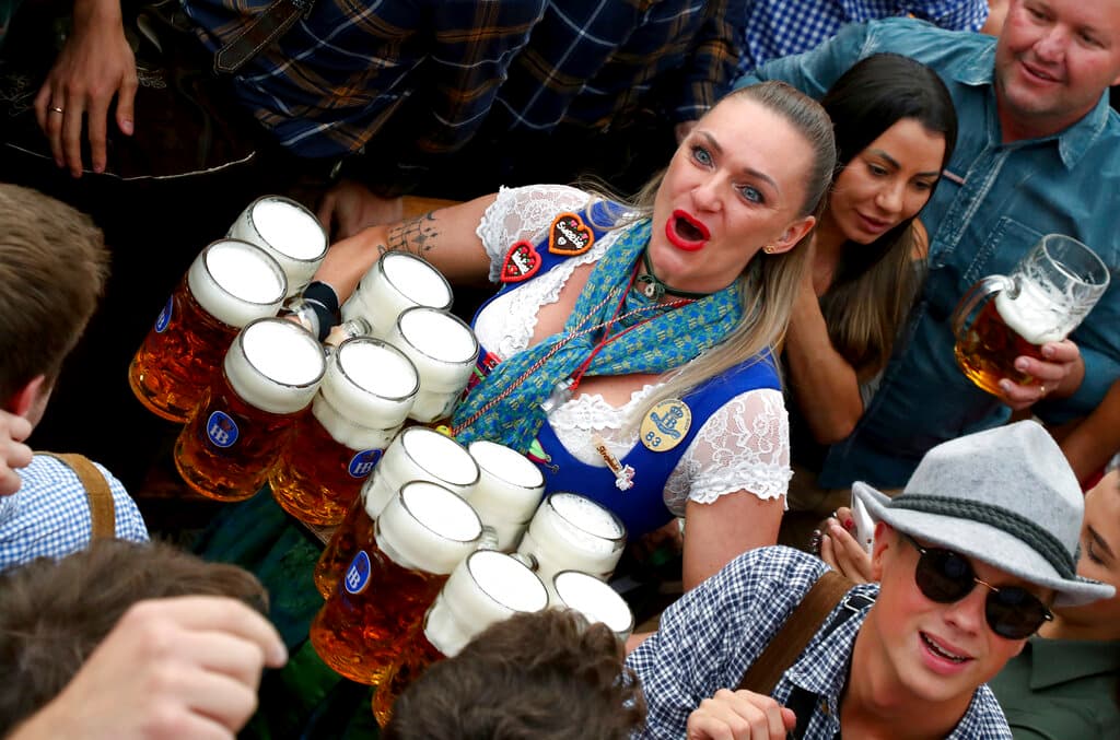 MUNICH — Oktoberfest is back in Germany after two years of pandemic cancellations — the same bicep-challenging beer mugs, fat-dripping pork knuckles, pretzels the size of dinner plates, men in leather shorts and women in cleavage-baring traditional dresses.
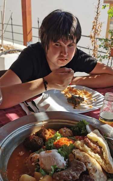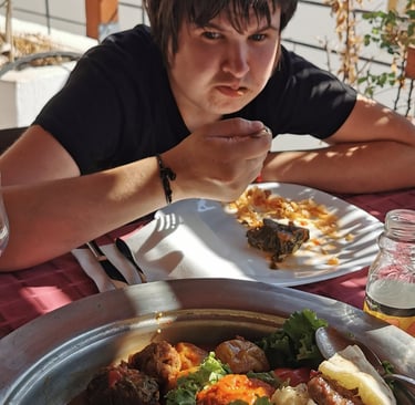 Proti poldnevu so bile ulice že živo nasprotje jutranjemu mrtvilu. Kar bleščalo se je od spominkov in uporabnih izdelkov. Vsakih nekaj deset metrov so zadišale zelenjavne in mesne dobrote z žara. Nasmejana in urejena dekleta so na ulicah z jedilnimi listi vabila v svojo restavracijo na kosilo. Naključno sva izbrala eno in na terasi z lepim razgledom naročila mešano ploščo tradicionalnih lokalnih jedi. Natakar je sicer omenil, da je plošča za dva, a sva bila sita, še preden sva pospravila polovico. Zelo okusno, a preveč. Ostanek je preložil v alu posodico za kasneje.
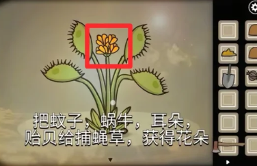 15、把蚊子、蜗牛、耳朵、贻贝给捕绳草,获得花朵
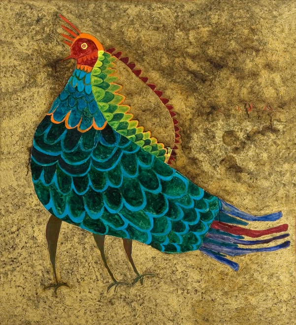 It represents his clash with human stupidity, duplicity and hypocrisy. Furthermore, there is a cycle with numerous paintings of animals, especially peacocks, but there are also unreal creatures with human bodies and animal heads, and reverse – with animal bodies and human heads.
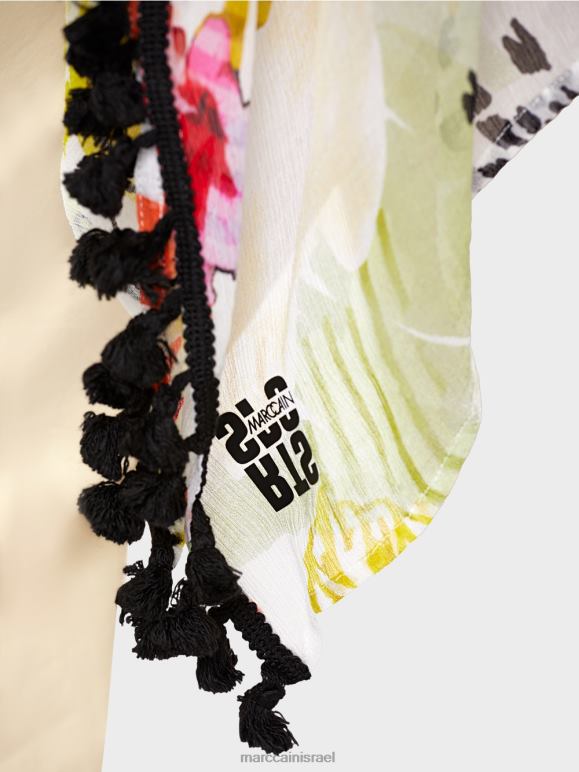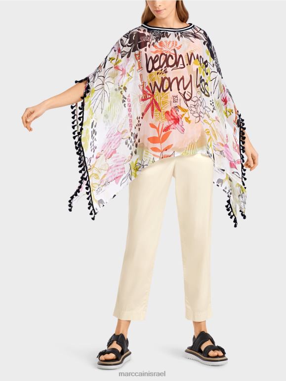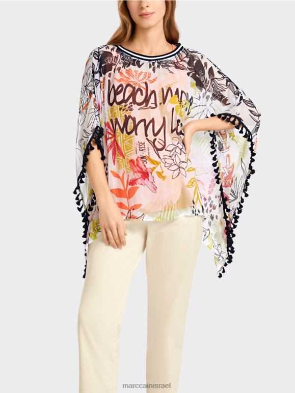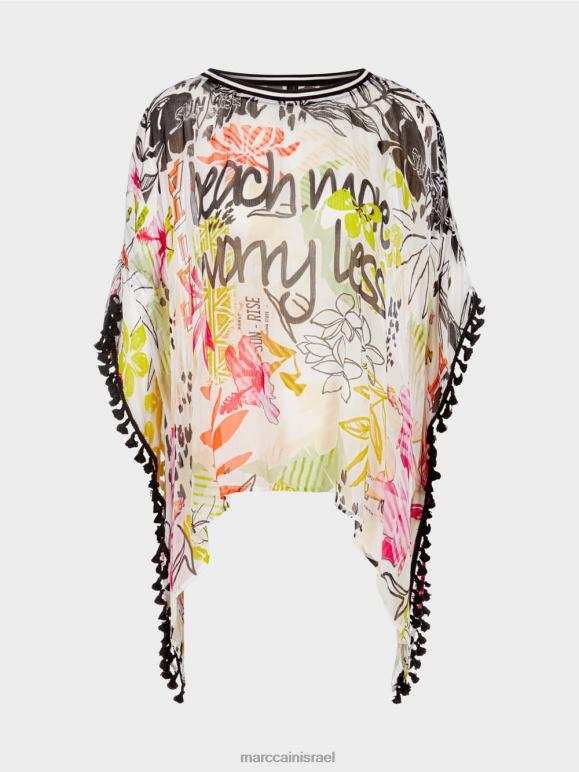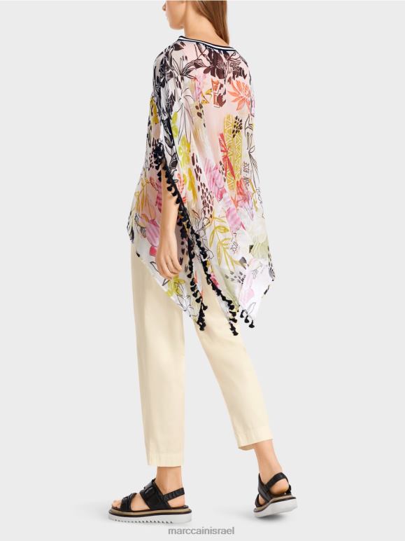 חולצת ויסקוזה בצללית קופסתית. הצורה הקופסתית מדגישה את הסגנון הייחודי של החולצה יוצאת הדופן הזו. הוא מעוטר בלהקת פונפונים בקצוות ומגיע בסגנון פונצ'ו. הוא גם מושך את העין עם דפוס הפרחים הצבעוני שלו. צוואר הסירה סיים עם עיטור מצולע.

**********

Directions: Retype the lines above exactly, no pictures.

Output:
 MUNICH — Oktoberfest is back in Germany after two years of pandemic cancellations — the same bicep-challenging beer mugs, fat-dripping pork knuckles, pretzels the size of dinner plates, men in leather shorts and women in cleavage-baring traditional dresses.
 Proti poldnevu so bile ulice že živo nasprotje jutranjemu mrtvilu. Kar bleščalo se je od spominkov in uporabnih izdelkov. Vsakih nekaj deset metrov so zadišale zelenjavne in mesne dobrote z žara. Nasmejana in urejena dekleta so na ulicah z jedilnimi listi vabila v svojo restavracijo na kosilo. Naključno sva izbrala eno in na terasi z lepim razgledom naročila mešano ploščo tradicionalnih lokalnih jedi. Natakar je sicer omenil, da je plošča za dva, a sva bila sita, še preden sva pospravila polovico. Zelo okusno, a preveč. Ostanek je preložil v alu posodico za kasneje.
 15、把蚊子、蜗牛、耳朵、贻贝给捕绳草,获得花朵
 It represents his clash with human stupidity, duplicity and hypocrisy. Furthermore, there is a cycle with numerous paintings of animals, especially peacocks, but there are also unreal creatures with human bodies and animal heads, and reverse – with animal bodies and human heads.
 חולצת ויסקוזה בצללית קופסתית. הצורה הקופסתית מדגישה את הסגנון הייחודי של החולצה יוצאת הדופן הזו. הוא מעוטר בלהקת פונפונים בקצוות ומגיע בסגנון פונצ'ו. הוא גם מושך את העין עם דפוס הפרחים הצבעוני שלו. צוואר הסירה סיים עם עיטור מצולע.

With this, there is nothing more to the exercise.